Increasing syphilis rates a sign of the times

The article headed "Syphilis rates worst seen in NZ" (Nation, September 6) seems just another example of the degeneration of our lovely little country.

Before antibiotics became the easy cure for venereal diseases, syphilis was treated by the "umbrella" and should that method be brought back, I feel sure persons would be more careful about their sexual casualness.

Along with some old-fashioned cures, which were mostly quite painful, it wouldn't hurt for some discipline and self-respect to return to our society as well.

Babies born with this awful disease, along with the fetal alcohol and drug-addicted babies, are the saddest of them all as these poor innocent victims haven't had a chance from the minute they were conceived.

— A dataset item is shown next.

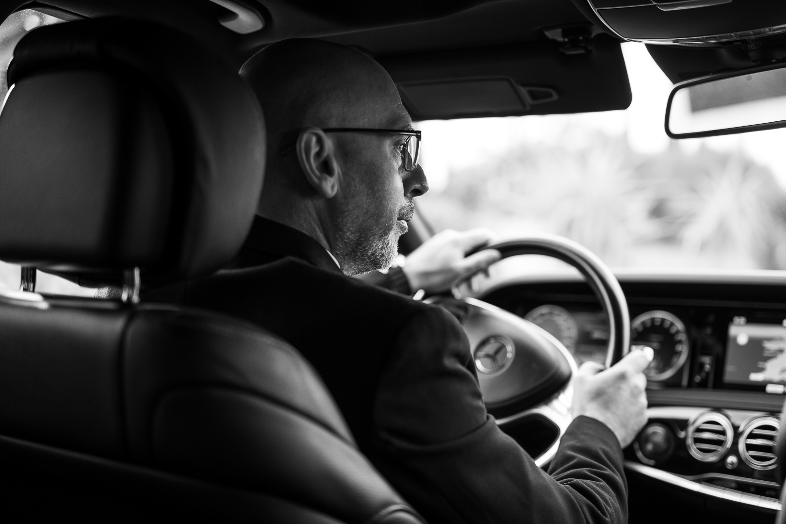 Je conçois chaque prestation dans le respect des plus hauts standards : tenue impeccable en costume et cravate, courtoisie et attention constante portée au confort et à la satisfaction de chaque passager.

My sister was an intensive care nurse for many years and says the cry of a newly-born addicted baby is the most heart wrenching of all sounds.

Gwyneth Jones

Changes will make traffic worse

Does anyone in Tauranga City Council's roading division have any idea, foresight or just plain old common sense??

How can they not see that an already busy section of road that bottlenecks through Greerton Village from town is only going to get 100 times worse if you then make the road come into a single lane and also add traffic lights into the equation?

What they should have done is get rid of the small amount of parking on the side of the road to create two lanes of traffic that can freely move and navigate around the roundabout, keeping traffic flowing.

Factor in the new traffic lights that will be going in at Barkes Corner roundabout, creating further queues along Cameron Rd and gridlock back to Greerton, things are only going to get worse.

The village idiots, in this case, seem to be Tauranga City Council, who, in my opinion, have absolutely no clue whatsoever about improving our failing roading infrastructure.

Kevin Russo
Pyes Pa

Wind of determination coming

When Trevor Mallard, currently Parliament's Speaker, deleted the name of Jesus Christ from the Parliamentary Prayer last year he probably didn't expect to ruffle many feathers.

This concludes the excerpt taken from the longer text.